Autant de faits divers qui empêchent dorénavant de parler de cas isolés dans l’épineux dossier de la pédophilie dans l’Eglise. Réunis en assemblée plénière à Lourdes, en novembre 2000, les évêques de France avaient courageusement mis ce sujet à leur ordre du jour. Leur condamnation fut claire, tout comme leur appel à ne plus étouffer ce type d’affaires, une pratique qui a longtemps prévalu, de l’aveu même de certains grands prélats. Le cardinal Law, archevêque de Boston et véritable pillier romain de l’épiscopat américain, vient ainsi de présenter lui aussi des excuses publiques, pour avoir simplement transféré, et non dénoncé ni même suspendu, un prêtre pédophile dont les agissements étaient connus au sein du diocèse. Ce prêtre, actuellement incarcéré, aurait abusé de plus de 200 enfants. Le diocèse de Boston vient d’être condamné à verser quelque 30 millions de dollars aux famillles des victimes. Au coût moral et d’image que ce genre d’affaires provoque, s’ajoute désormais un coût économique lui aussi embarrassant.
Ces scandales à répétition soulèvent deux interrogations qui agitent à la fois le monde ecclésial et la société civile. La première porte sur les faits eux-mêmes, sur l’ampleur réel du phénomène des déviances sexuelles au sein de l’Eglise. La seconde, sur l’attitude des autorités ecclésiastiques vis-à-vis des fautifs et des autorités judiciaires.

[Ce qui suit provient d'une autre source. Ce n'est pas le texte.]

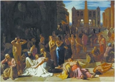 史学家修昔底德在《伯罗奔尼撒战争史》记载:“瘟疫是从比雷埃夫斯进入雅典的……比雷埃夫斯是雅典的港口,也是唯一食物及补给的来源。地中海东部的许多地区也有发生瘟疫,但影响较小”。雅典成为疫情的重灾区,几乎有一半的人都病倒了,瘟疫摧毁了人们对生活的希望。修昔底德无限悲痛地记录着当时的惨剧:“这是一场巨大的浩劫,以至于人们不知道接下来会发生什么,对任何法律规则都变得漠不关心……”
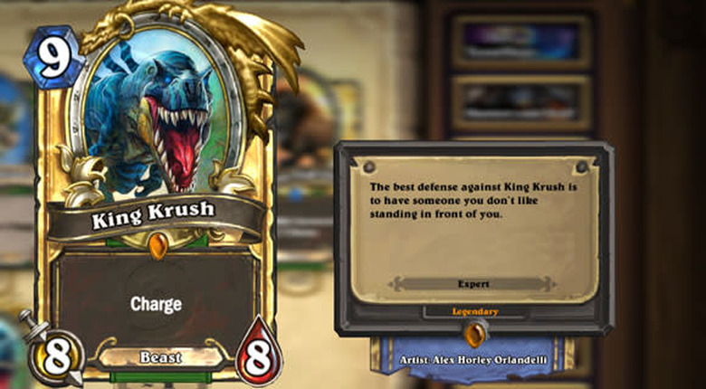 King Krush – If Hearthstone was a Mortal Kombat game and the announcer said "Finish him!", this is the fatality card drop that hunters would use. Seriously, this is your finisher. 8 damage that cannot be responded to in the same turn.
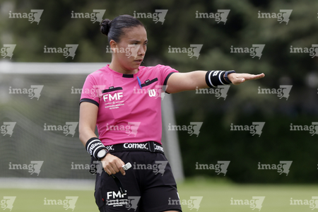 Puebla, Puebla, 21 de septiembre de 2025. Brenda Cristina Ramírez, árbitra central, durante el partido correspondiente a la jornada 12 del torneo Apertura 2025 de la Liga BBVA MX Femenil, entre el Club Puebla y la Máquina Celeste del Cruz Azul, realizado en el Club Alpha. Foto: Imago7/Mireya Novo
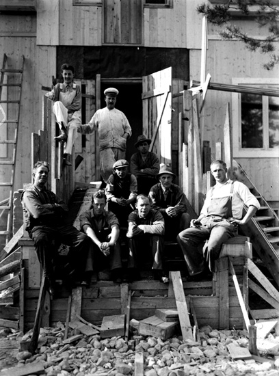 Husbygge, 9 byggnadsarbetare på trappan till huset.
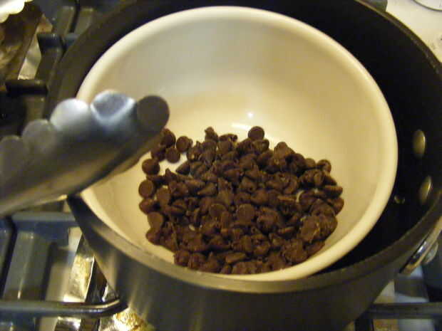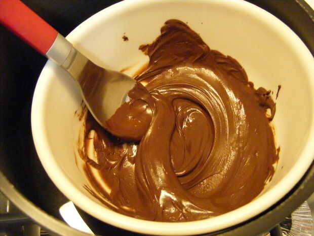 Añadir una gota de aceite o manteca a fino hacia fuera el glaseado de chocolate.
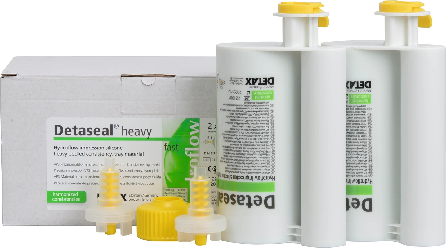 Hydroflow Abformsilikon, hohe Konsistenz, hydrophil, standfest, leicht entformbar durch mittlere Endhärte und hohes elastisches Rückstellvermögen. Harmonisierte Konsistenzen, form- und volumenstabil, 5:1 Hartkartusche für dynamische Mischgeräte. Farbe Base apfelgrün, Katalysator weiß. Schnellabbindend, Mundverweildauer 2 Minuten. Ideal als Löffelmaterial für Doppelmisch-/Sandwichtechnik in Kombination mit Detaseal® hydroflow lite/Xlite.
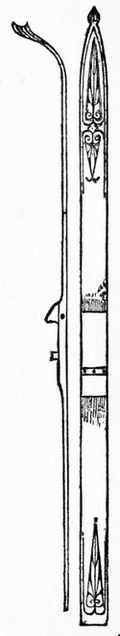 [1] Skees are a kind of snowshoe, four to six feet long, bent upward in front, with a band to attach it to the foot in the middle.
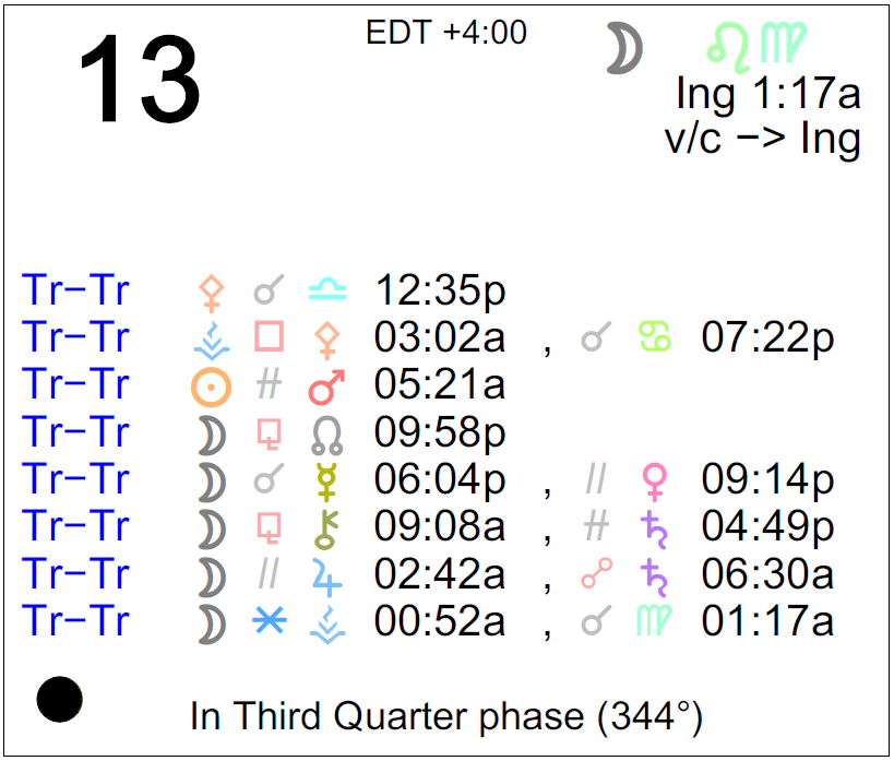 Planet Color Key: The longer the bar, the slower the aspecting planet, and the longer the duration of the planet’s transit.
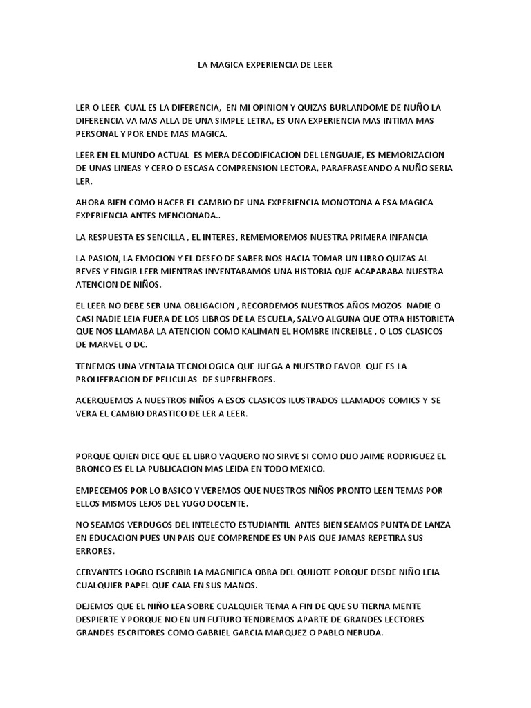 Sinopsis de LA EXPERIENCIA DE LEER. Desde su publicación en 1961 este pequeño estudio sobre La experiencia de leer no ha dejado de ser reeditado al punto de convertirse en un clásico. En el propone C. S. Lewis un "experimento" que procede al reves de lo que es habitual en la crítica literaria: "juzgar la literatura por cómo las personas la.
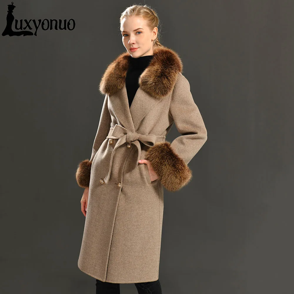 Роскошное кашемировое шерстяное пальто Luxyonuo, женское длинное пальто с воротником из натурального Лисьего меха на весну и зиму, облегающее Женское пальто с регулируемым поясом
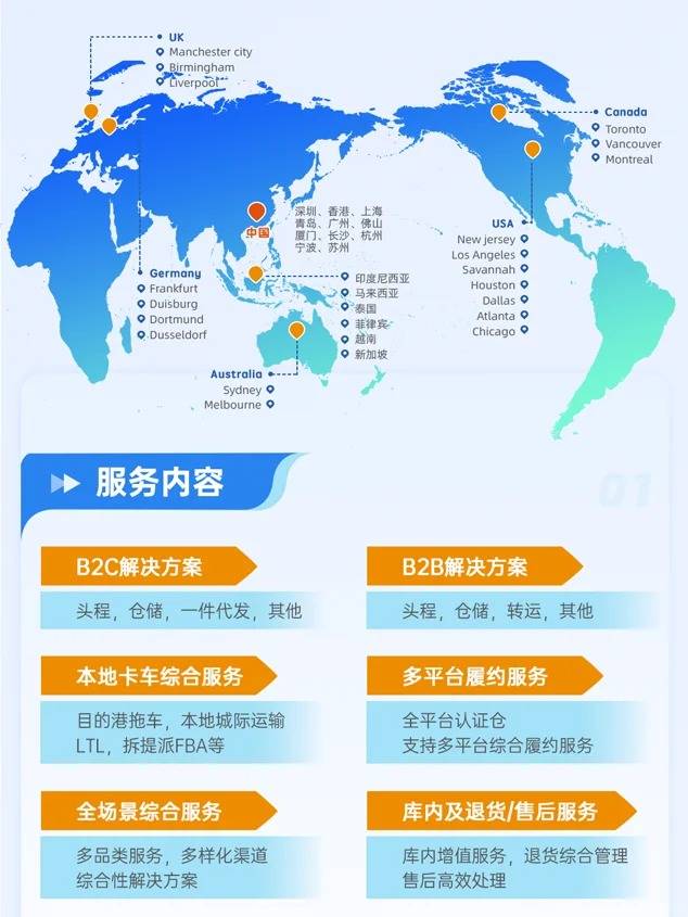 目前,易达云已在美国建立7大仓群,全面覆盖北美主力市场,总仓储面积达600000+m²,通过密集的仓网覆盖,利用智能分仓算法实现订单精准分布,匹配最优渠道,实现淡旺季高效履约,快速降本。
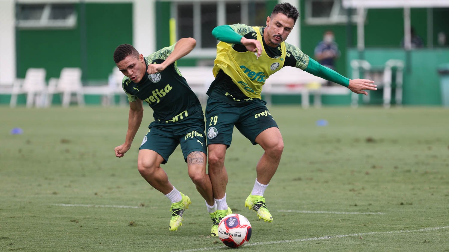 Os jogadores Marcelinho e Willian (à direita) durante treinamento na Academia de Futebol (Foto: Cesar Greco/Palmeiras)

Un évêque doit-il dénoncer ses prêtres ?
D’importants responsables de la Curie romaine, et le Pape en personne, ont à plusieurs reprises dénoncé fortement le «cancer de la pédophilie». Le Cardinal Lopez Trujillo, président du Conseil pontifical pour la famille, le fit même très tôt, il y a plus de dix ans, en lançant l’alarme sur le tourisme sexuel dans les pays asiatiques et en qualifiant même les actes pédophiles de véritables «crimes contre l’humanité». Mais la question des prêtres impliqués dans ce type de délit a suscité davantage d’embarras. Le problème n’était pas ignoré, mais on constatait une évidente réticence à prendre position publiquement. Il a fallu attendre l’an passé pour qu’un document traite pour la première fois de ce sujet.
Un texte du Pape, un «motu proprio», dans lequel Jean Paul II demande «aux évêques non seulement de contribuer à éviter un crime aussi grave, mais aussi de protéger au moyen des sanctions nécessaires la sainteté du sacerdoce». Un véritable rappel à l’ordre qui, par ailleurs, confiait à la Congrégation pour la doctrine de la foi une nouvelle mission : contrôler de plus près ce phénomène. Les évêques devront faire un rapport à la congrégation romaine.
Voilà pour la gestion «interne» du problème. Mais le document du Pape, et la lettre du cardinal Ratzinger qui l’accompagnait, laissaient sans réponse la seconde question : un évêque, informé des agissements d’un prêtre de son diocèse, doit-il ou non le dénoncer ? Outre la question de conscience, qui n’est pas spécifique à l’évêque, ce point soulève le problème de la juridiction. Nul ne remet en cause l’existence du droit canon de l’Eglise. Mais lorsque les faits relèvent du pénal, quelle valeur attribuer à cette juridiction interne ? Difficile d’apporter une réponse générale.
Les responsables de l’Eglise, à juste titre, soulignent volontiers que les méfaits de certains prêtres ou religieux ne sauraient occulter l’engagement charitable de centaines de milliers de serviteurs de l’Eglise. Mais la série des faits divers est devenue trop longue, et certains silences trop lourds, pour que l’Eglise ne ressente pas le besoin de lancer un signal sans équivoque. D’autant que dans le monde catholique, ces délits sexuels renforcent les tenants du mariage des prêtres. Le journal du diocèse de Boston posait lui-même la question ouvertement la semaine passée.